Doodle means to scribble absentmindedly.  But Google Doodles are intentional iconography that attempt to redraw America’s great history.  They elevate peripheral figures to iconic status and relegate religious holidays to amorphous greetings.

Google (now under the Alphabet umbrella) leverages its ubiquitous platform to doodle about holidays, anniversaries and famous people.  Since about 26% of us are unsure from whom we got our independence; many believe that Karl Marx helped author the Constitution, and untold others cannot name our 3 major branches of government, they could provide a useful civic service.

Instead, the insular techies are enmeshed in Silicon Valley’s progressive orthodoxy, choosing to superimpose today’s mores on yesteryear while ignoring  many heroic figures and religious holidays that weave together the grand tapestry of American history.  Contrary to their claims, Google Doodles more often celebrate obscure anniversaries and niche figures, retroactively applying modern leftist sensibilities tainted by sexism, multiculturalism, secularism, environmentalism and racialism.  Let’s take a look.


On March 16, 2016, Google celebrated the 266th birthday of astronomer Caroline Herschel.  By all accounts she was diligent, but her brother, Sir William Herschel, was more consequential in the field.  Indeed, Encyclopedia Britannica describes Caroline as his “faithful assistant.”   Even though William worked tirelessly to develop a natural history of the heavens, you won’t find a Google Doodle of him.

Amelia Earhart (who failed spectacularly) was celebrated by Google on July 24, 2012, but in the Google Doodle archives it’s Charles Lindberg who has gone missing.  I hate that he was sympathetic to the Nazis, but Google can be controversial and I suspect his omission has more to do with the sexist culture amongst the Google Doodlers whose communications officer is a Krisztina Radosavljevic-Szilagyi, whose online social profile ominously proclaims that she’s a “social action” protagonist. 
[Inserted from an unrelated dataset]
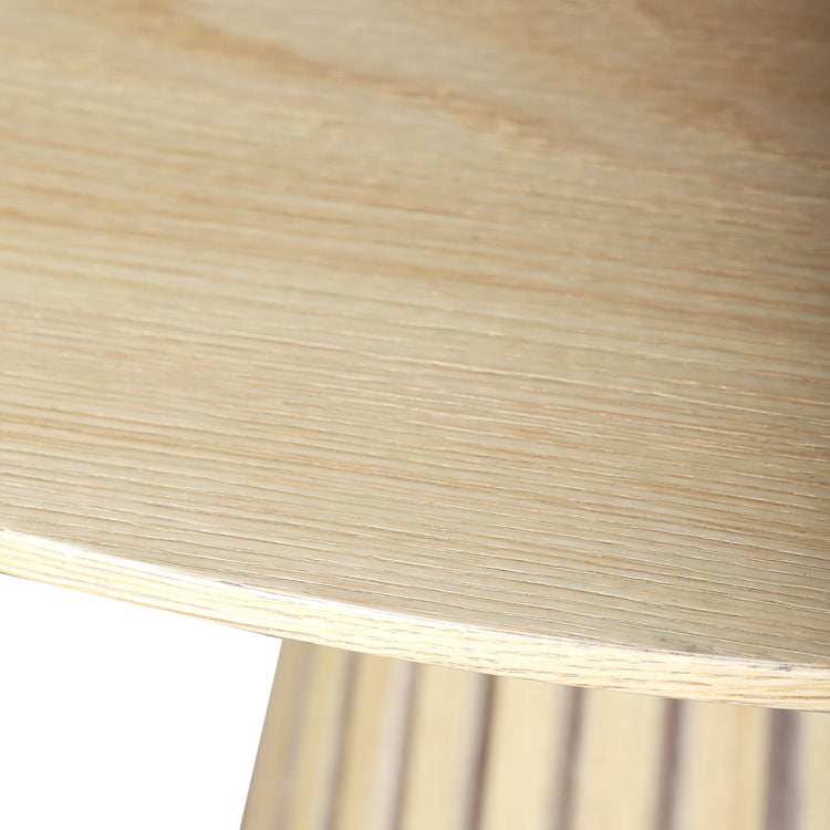 Enchapada en roble americano sobre tablero de alta presión, con la misma estabilidad y resistencia al uso cotidiano que caracteriza la línea. La tapa presenta una superficie lisa y cálida al tacto, mientras que la base estriada ofrece una experiencia táctil y visual completamente distinta: cada listón es una pieza trabajada de forma independiente, con el grano del roble siguiendo la verticalidad de la forma.
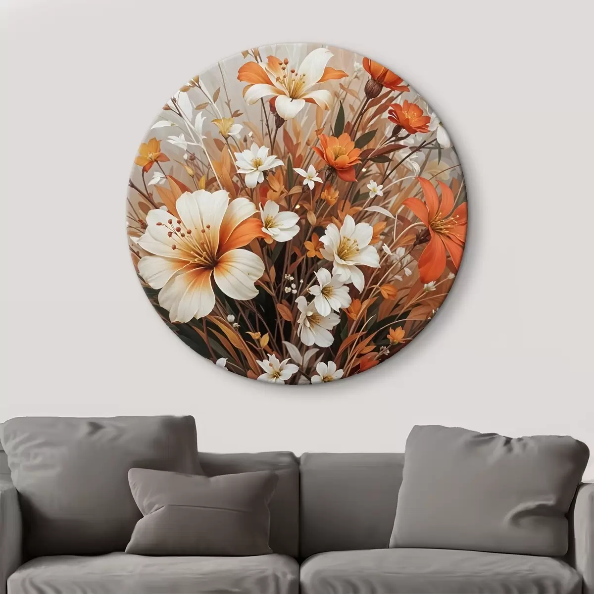 Ronde schilderijen Een levendig boeket van oranje en witte bloemen, waaronder lelies en andere delicate bloemen Nr r41099

On February 22, 2016, Google doodled the 161 year anniversary of a Serbian women doctor whose name has syllables reminiscent of Krisztina’s:  Draginja Ljocic Milosevic – at least it’s not hyphenated.  Draginja was also a women’s rights protagonist, but surely the American Susan B. Anthony is more deserving.  If Google were intent on providing a public service faithful to our history, they’d spotlight Anthony with a doodle since a majority of Americans can’t identify her as a founder of the Women’s Rights movement.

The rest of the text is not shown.